Pendant la trêve estivale, l’actualité du funéraire étant plu calme, nous vous proposons des histoires tournant autour du funéraire et de l’histoire. Des histoires vraies, bien entendu. Il est temps de commencer en vous présentant un personnage très sympathique avec ses amis croque-morts, un peu moins avec les autres.
C’est grave, docteur ?
En 1998, Alan croise Linda sur son lieu de travail, et les deux échangent des banalités, avant que la conversation prenne une tournure inattendue. Il faut dire que quelque chose préoccupe Alan, et, par un curieux hasard, tout relatif néanmoins, la même chose préoccupe Linda.
Alan Massey, de son nom complet, est directeur de pompes funèbres. Et il n’appelle pas Linda par son prénom, mais par son titre : Docteur. Docteur Linda Reynolds, médecin légiste dans la ville de Manchester, en Angleterre.
Le croque-morts se pose des questions sur un de ses fournisseurs, plus précisément un médecin généraliste qui perd régulièrement des patients. Jusqu’ici, notez bien, rien d’anormal : tout le monde est le patient d’un médecin généraliste, même si on le voit de manière plus ou moins assidue. Mais celui-là, tout de même, il n’a pas de chance.
Enfin, ce sont surtout ses patients, qui n’ont pas de chance.

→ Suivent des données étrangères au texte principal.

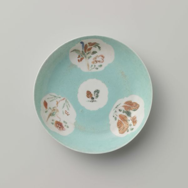 Editor: This is a Jun ware plate, crafted sometime between 1200 and 1400. The subtle hues and unpredictable glaze patterns are what draw my eye. What do you make of its composition and design? Curator: The aesthetic appeal resides precisely in what you call 'unpredictable'. Jun ware's visual signature comes from its specialized firing technique. Do you notice how the viscous glaze pools and thins? This is achieved through carefully controlled kiln temperatures. The "in-glaze" colors - that crimson splash, for example - results from liquid-liquid phase separation and the scattering of light, forming ruby-rich and blue-poor regions in the glaze layer, producing the red effect. Editor: I see, it's less about intention, more about process? Curator: The maker undoubtedly aimed for a specific range, understanding the properties of the materials, but chance plays a significant role. Consider the slightly raised rim, its delicate curve, and the way it interacts with the play of color across the dish. This relationship between form and surface modulation constitutes a complex aesthetic experience. The eye moves constantly, finding new nuances. Editor: So it’s the fusion of planned execution and almost accidental beauty that defines the piece. I never considered pottery this way! Curator: Precisely. It underscores how crucial materiality and method are in realizing visual artistry. Looking closely has helped appreciate both artistry and materiality together.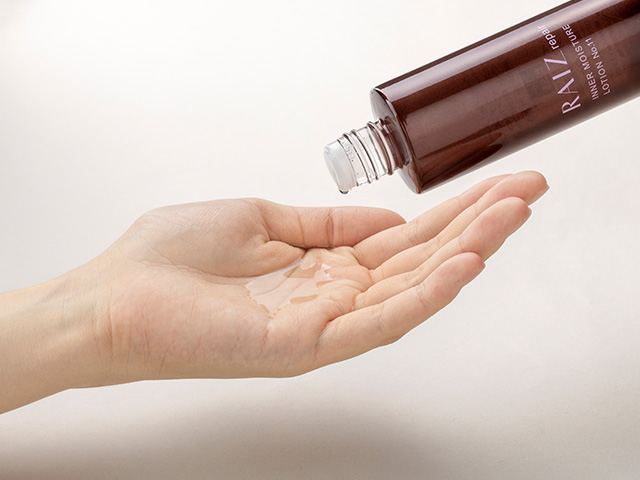ライースリペアインナーモイスチュアローションはセラミド生み出す力を高めるライスパワーNo.11を贅沢に配合した化粧水。有効成分ライスパワーNo.11が肌にとけこむように素早く肌の生まれる場所(基底層)にまでたっぷりと浸透し、セラミドを生み出し潤いが肌の内側から湧き上がってくるかのようなうるおいのみちたみずみずしい状態に導いてくれます。とろみのあるリッチなテクスチャーも相まって美容液を化粧水として使っているかのような贅沢さです。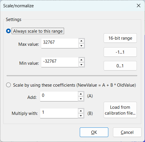 Accessible through the “Signal tools/Scale/Normalize” menu option or the toolbar button.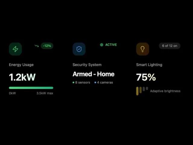 Адаптивная сетка карточек Glassmorphic для дашборда умного дома. Отображает статистику (температура, энергия, безопасность, свет) с анимацией и иконками.

Et il s’en ouvre au Docteur Reynolds, qui se montre très réceptive. Il faut dire qu’en tant que médecin légiste, elle a accès aux statistiques, et que celles de son collègue semblent indiquer qu’il porte sévèrement la poisse. Même si aucun de ses patients ne passe par ses services, démontrant ainsi qu’il n’y a rien de suspect à ces décès.
Enfin, rien de suspect… Lorsqu’une personne décède, il n’est ordonné une autopsie, sauf flagrance, que si le médecin qui constate la mort pense qu’il y a quelque chose de louche. Mais si c’est le médecin lui-même qui est louche ?
Linda Reynolds a même consulté les certificats de décès remplis par ce médecin. A chaque fois, elle a constaté qu’ils étaient irréprochables, et que la cause du décès était plausible. Rien à redire, vraiment.
« C’est juste une coïncidence que je note, rien de plus » souligne Alan Massey « je le connais bien, il est très sympathique. En fait, avec les collègues, on le connais tous assez bien. Il a beaucoup d’amis aux pompes funèbres, parce qu’on se voit souvent, peut-être… »
« Je ne peux pas dénoncer un collègue sans preuves » explique alors Linda Reynolds, « ce serait un sacré manque de confraternité. Mais vous devriez en parler à la police. Allez les voir de ma part. Juste pour avoir le coeur net ».
Et ainsi, Alan Reynolds se rend au commissariat en sortant de la morgue. Il explique au policier qu’il est venu faire une déclaration sur un médecin, et qu’il vient de la part du Docteur Reynolds, ce qui lui vaut d’être reçu. Le policier qui l’écoute se montre surpris. « Le Docteur Shipman ? Il m’a pourtant l’air d’un brave type ».
Le 17 mars 1998 s’ouvre donc une enquête sur le Docteur Harold Shipman. Et, un mois pile après, le 17 avril, la conclusion tombe. Elle est implacable : oui, sans aucun doute, Shipman porte la poisse. Ce qui n’est pas un délit. Circulez, il n’y a rien à voir. Tout au plus, certains policiers songent à conseiller à leurs proches de choisir un autre médecin généraliste, et, peut-être, certains sont tentés de conseiller Shipman aux gens qu’ils n’aiment pas.
Aussi, le 25 juin 1998, lorsque la famille de Kathleen Grundy entre au commissariat pour déclarer qu’il y a quelque chose de louche au sujet du Docteur Shipman, ils s’attendaient à tout, sauf à s’entendre répondre : « Encore ? ».